I’ve a list of elements my perfect woman would have. It’s massively overambitious I know, and this woman would be way out of my league, but it’s important to have dreams. My perfect woman would be gorgeous, would prove her smarts by being a scientist of some kind and would be looking for the right man to sweep her off her feet, even if he happened to have children of his own.
Imagine my delight, then, when Tinder matched me with a gorgeous Russian scientist. And neither of those two things are exaggerations, either; she was a definite 8 bordering on 9, was a biologist and was a real sci-fi geek, even mentioning Interstellar and the Fermi Paradox on her profile.
I was in heaven! She existed! And for whatever reason, she liked the look of me! We chatted a little on Tinder and I worked up the courage to ask her whether she had lunch plans one day that weekend. I didn’t know whether I was shocked or surprised when she told me she didn’t and that she’d love to meet up, but there was nothing else for it but to make arrangements and man up.
When the day rolled around I dutifully dropped off my kids to see their mum (she couldn’t pick them up herself for some unknown reason) and headed off to London to meet my Russian scientist. I had to read up on the Fermi Paradox too to make sure I had it right.

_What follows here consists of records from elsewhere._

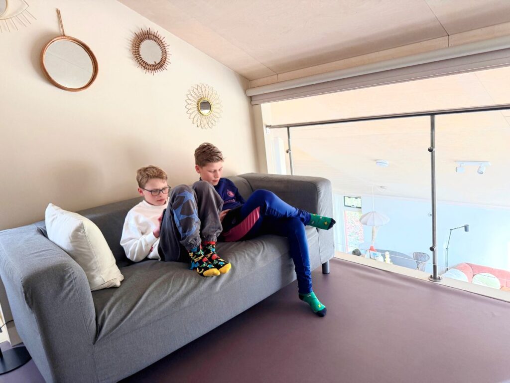 De tuin rondom het huis zorgt voor extra rust en privacy. Bij mooi weer kun je buiten zitten, ontbijten in de ochtend zon of ’s avonds nog even nagenieten van de dag. Voor de jongens was er voldoende ruimte om een balletje te trappen met de ondergaande zon. Om ons verblijf een goede start te geven, waren de bedden al opgemaakt, lagen er handdoeken klaar en stonden er heerlijke verwenproducten van Marie Stella Maris in de badkamer.
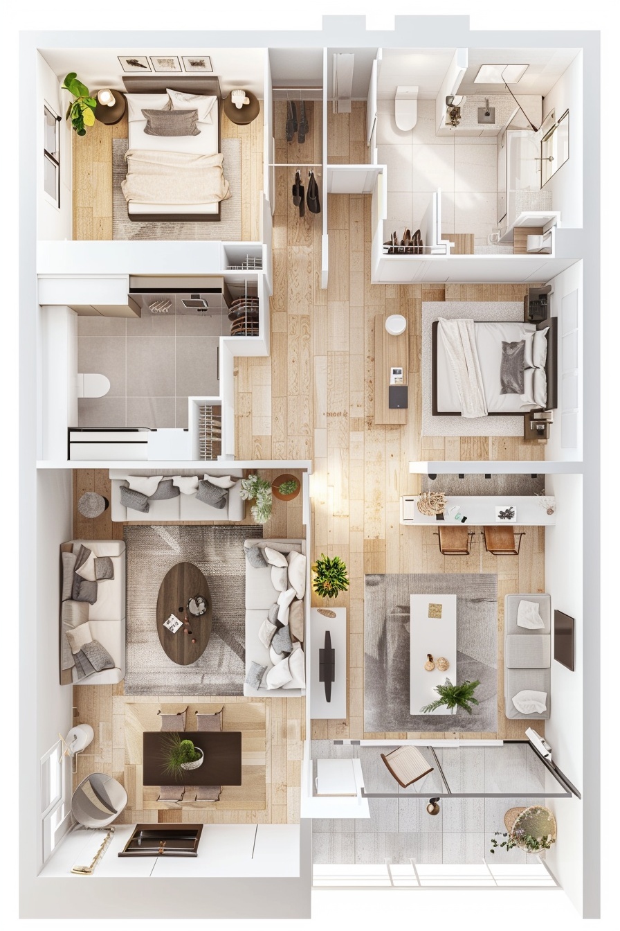 This modern 2 bedroom house plan features a smart, space-efficient layout designed for comfortable everyday living. The design includes a bright open-concept living room, a cozy dining area, and a functional kitchen with clean modern finishes. Both bedrooms are well-positioned for privacy, with the master bedroom offering generous space and built-in storage. The bathroom is centrally located for easy access, while the overall floor plan highlights natural light, warm wooden flooring, and contemporary furniture styling. Ideal for small families, couples, or first-time homeowners, this compact yet elegant 3D floor plan delivers a perfect balance of practicality and modern design—making it a great inspiration for affordable contemporary homes or compact urban living.
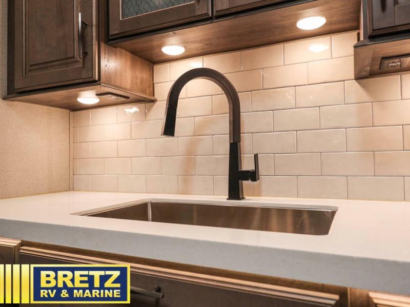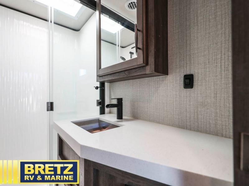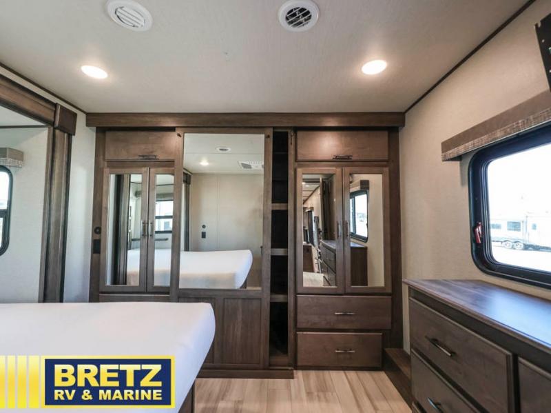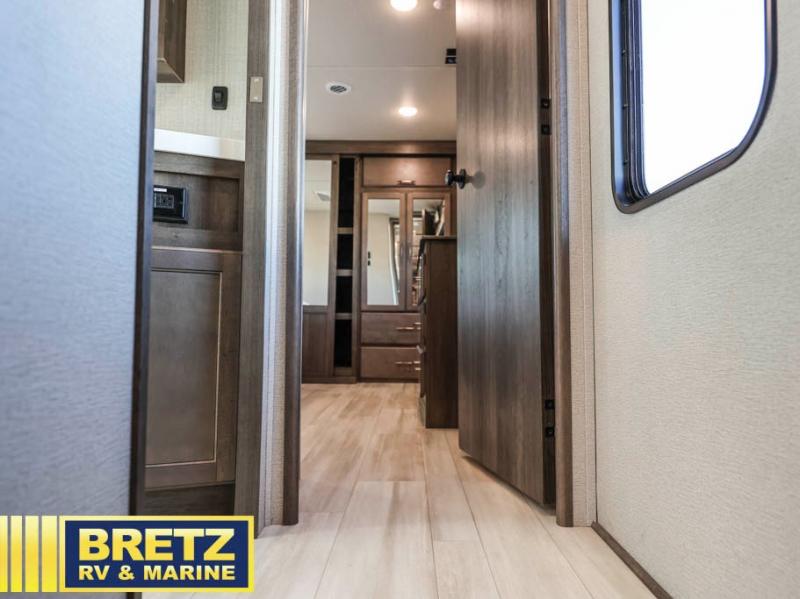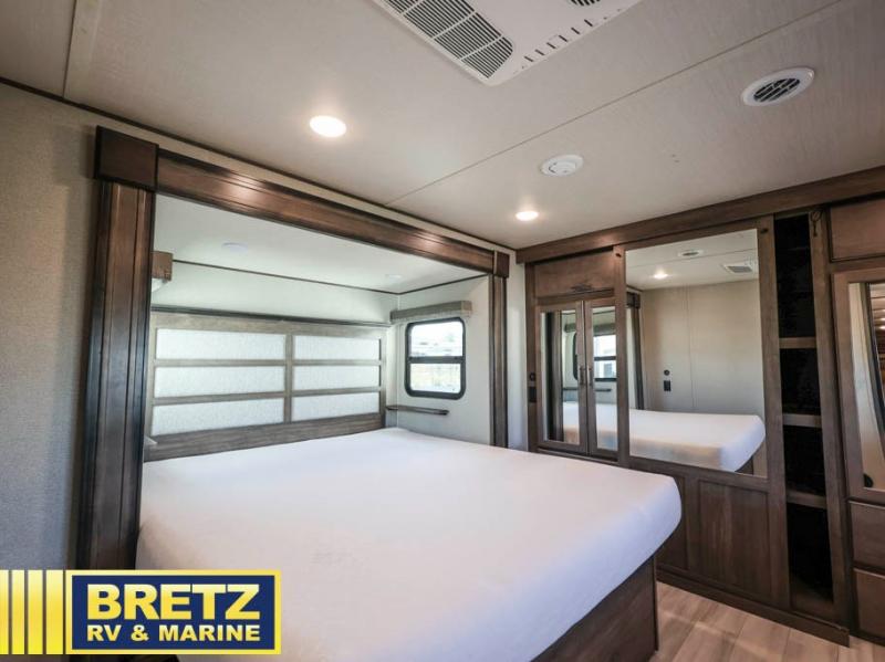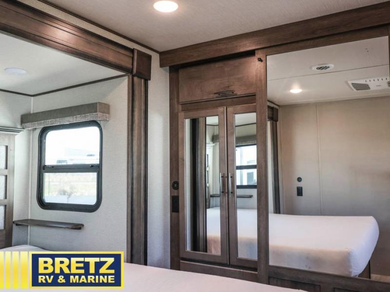 With any Solitude S-Class fifth wheel by Grand Design you will appreciate the Max Built Construction Package that features a 101" wide-body, gel coat exterior sidewalls, heavy-duty 7,000 lb. axles, plus many more durable construction materials. The self-adjusting brakes and the MORryde CRE3000 suspension system will provide a smooth towing experience, and each model includes heavy duty 17.5" H-rated tires with NitroFill. Some of the features you are sure to love are included in the Residential Living Package, like the solid surface countertops and sink covers, the hardwood cabinet doors, the night stands with USB ports, and the Rockford Fosgate stereo entertainment system with HDMI and App controls. These fifth wheels are extended-stay approved thanks to the Weather-Tek Package with a 35,000 BTU high-capacity furnace, the Stealth A/C system, and many high-end residential finishes to make you feel like you taken home with you!
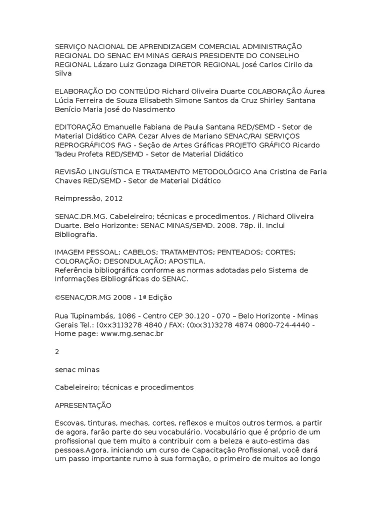SENAC.DR.MG. Cabeleireiro; tcnicas e procedimentos. / Richard Oliveira
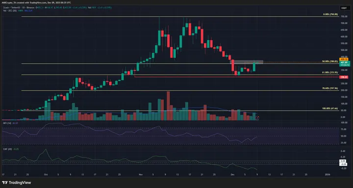 ZEC-land. De privacycoin knalde van $312,80 naar $430,20 – dat is dik 35,8% in nog geen week. De $400 is inmiddels gesloopt en de bulls kijken al reikhalzend uit naar het volgende niveau: $480.

We met at Victoria Station, and from the very first hug I knew this would be an only date. I honestly don’t know what leads my gut to make those decisions, but it did. It might have been that she was in her late 20s rather than early 30s; unlike my ex-wife and her dalliance with a 20 year old, I think there is something a little strange about those sized age gaps. It might also have been the fact that it was a hug with no form of kiss, singular or otherwise, to go with it. Regardless, I was left with the impression after mere seconds that this would be a pleasant lunch and nothing more.
This impression was compounded when she suggested that we go for a coffee and a healthy lunch rather than a drink. Now, I’m not saying alcohol is intrinsic to a date, but on a sunny day in central London and with nowhere either of us had to be, there were worse ways to spend some time getting to know each other. We headed off to a little cafe place near Victoria that I know and ordered coffee and eggs.
Annoyingly, she was really interesting. She was a research scientist and told me all about her family moving from Siberia to Princeton in the US. She had ambitions to travel, and had moved from accountancy to science for no reason other than she discovered an interest and a passion. We talked about our favourite science fiction movies, alien life, other hobbies and more.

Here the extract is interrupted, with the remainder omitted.